■ Brief: Repeat the stretch of entries below from the line with "Generic - طقم" through the line with "của gia đình.". Include both ends and add nothing.

■ Exercise data:

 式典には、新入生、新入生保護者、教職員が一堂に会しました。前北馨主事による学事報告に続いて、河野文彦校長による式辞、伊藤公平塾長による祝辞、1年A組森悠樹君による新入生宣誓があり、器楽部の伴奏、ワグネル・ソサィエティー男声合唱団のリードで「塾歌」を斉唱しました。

--

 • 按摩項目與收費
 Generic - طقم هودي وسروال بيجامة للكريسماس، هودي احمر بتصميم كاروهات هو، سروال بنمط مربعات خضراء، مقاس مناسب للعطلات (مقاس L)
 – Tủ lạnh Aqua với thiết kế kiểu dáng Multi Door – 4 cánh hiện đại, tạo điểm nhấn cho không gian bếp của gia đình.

■ Your solution:
 Generic - طقم هودي وسروال بيجامة للكريسماس، هودي احمر بتصميم كاروهات هو، سروال بنمط مربعات خضراء، مقاس مناسب للعطلات (مقاس L)
 – Tủ lạnh Aqua với thiết kế kiểu dáng Multi Door – 4 cánh hiện đại, tạo điểm nhấn cho không gian bếp của gia đình.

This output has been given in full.